* EXERCISE DESCRIPTION: In your reply, repeat the full listing exactly and leave each picture out.

==== EXERCISE INPUT

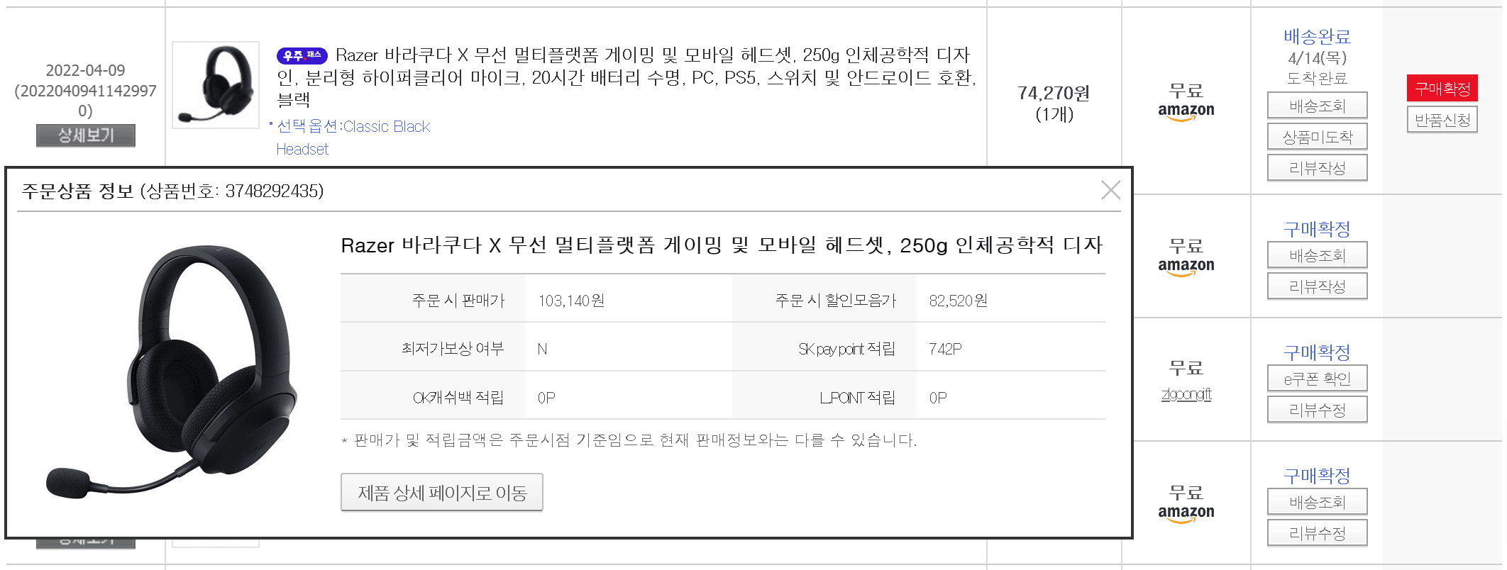 안녕하세요. 오늘은 11마존 즉 11번가 아마존에서 구입한, 레이저 바라쿠다 X(RAZER Barracuda X ) 리뷰를 진행해보려고 합니다.
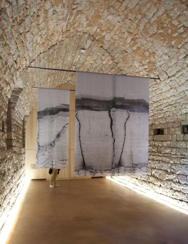 Le Couronnement des Falaises, 2020, installation in situ, tirages sur tissus drapeau, 250 x 500 x 50 cm, vue de l’exposition personnelle La Résilience des Lieux, Musée Pierre-de-Luxembourg, Villeneuve-lez-Avignon, commissariat Céline Mélissent, détail
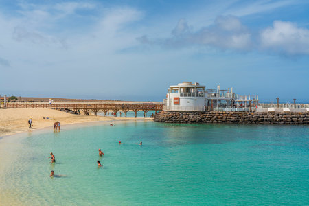 SAL ISLAND, CAPE VERDE - JUNE 22.2022: People at the sandy beach at Santa Maria beach on Sal Island - Cape Verde - Cabo Verde
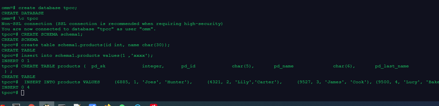 1.创建数据库tpcc,在数据库tpcc中创建模式schema1,在模式schema1中建表products
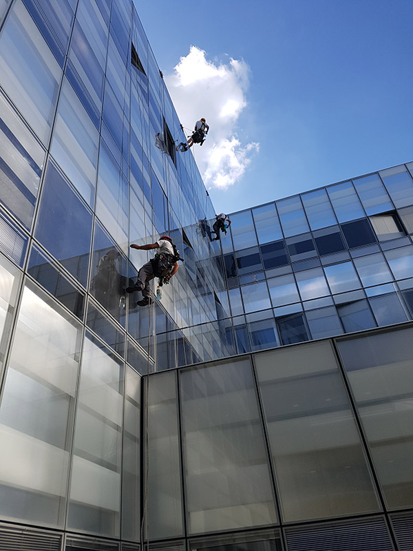 Le nettoyage en hauteur et / ou d’accès difficiles est une prestation réalisée par nos cordistes.
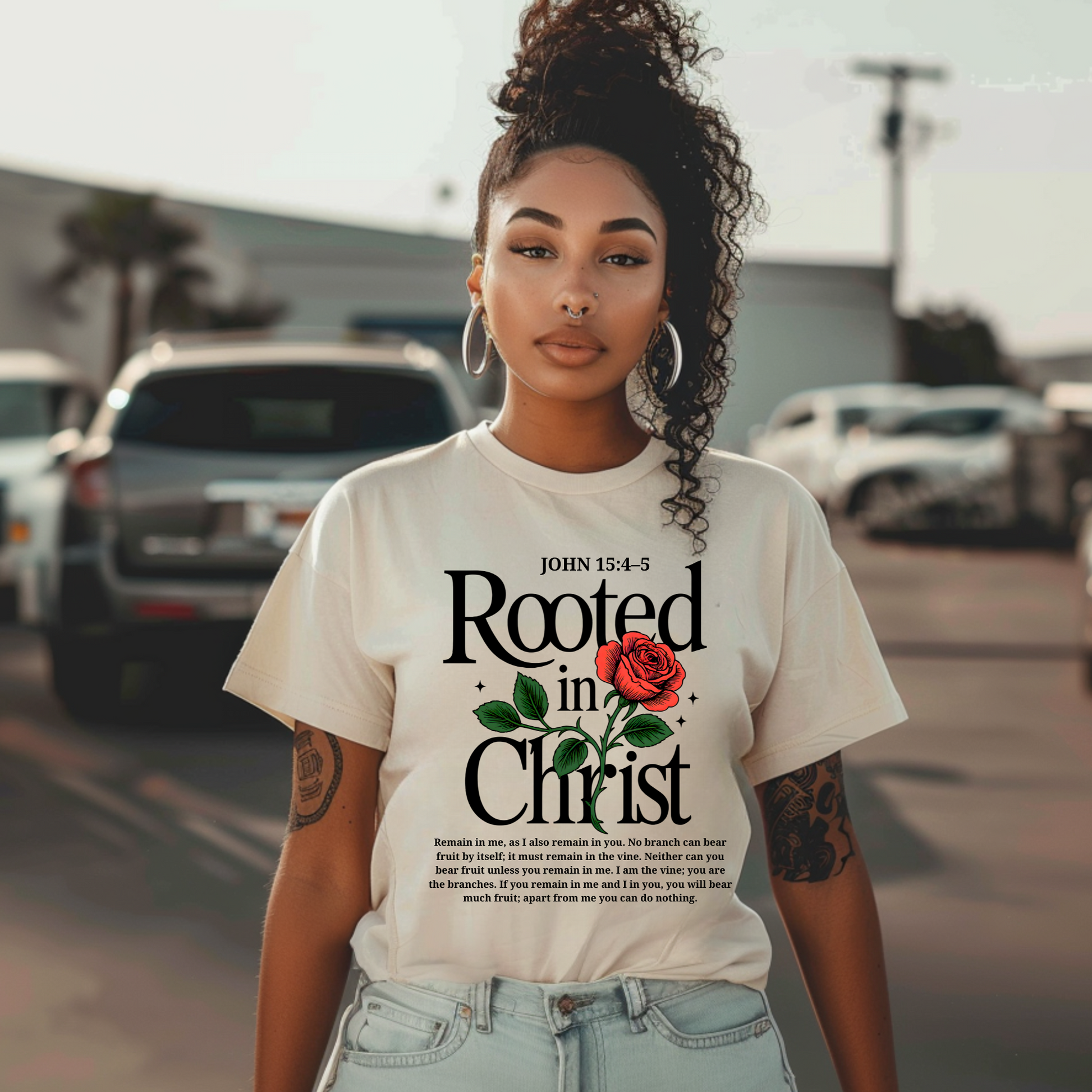 The Rooted in Christ Tee (John 15:4–5) is for the one who abides. Inspired by Jesus’ words, “Remain in me, as I also remain in you. No branch can bear fruit by itself…” this tee speaks to the power of connection and surrender to God’s presence.

========

* RESPONSE BOX:
 안녕하세요. 오늘은 11마존 즉 11번가 아마존에서 구입한, 레이저 바라쿠다 X(RAZER Barracuda X ) 리뷰를 진행해보려고 합니다.
 Le Couronnement des Falaises, 2020, installation in situ, tirages sur tissus drapeau, 250 x 500 x 50 cm, vue de l’exposition personnelle La Résilience des Lieux, Musée Pierre-de-Luxembourg, Villeneuve-lez-Avignon, commissariat Céline Mélissent, détail
 SAL ISLAND, CAPE VERDE - JUNE 22.2022: People at the sandy beach at Santa Maria beach on Sal Island - Cape Verde - Cabo Verde
 1.创建数据库tpcc,在数据库tpcc中创建模式schema1,在模式schema1中建表products
 Le nettoyage en hauteur et / ou d’accès difficiles est une prestation réalisée par nos cordistes.
 The Rooted in Christ Tee (John 15:4–5) is for the one who abides. Inspired by Jesus’ words, “Remain in me, as I also remain in you. No branch can bear fruit by itself…” this tee speaks to the power of connection and surrender to God’s presence.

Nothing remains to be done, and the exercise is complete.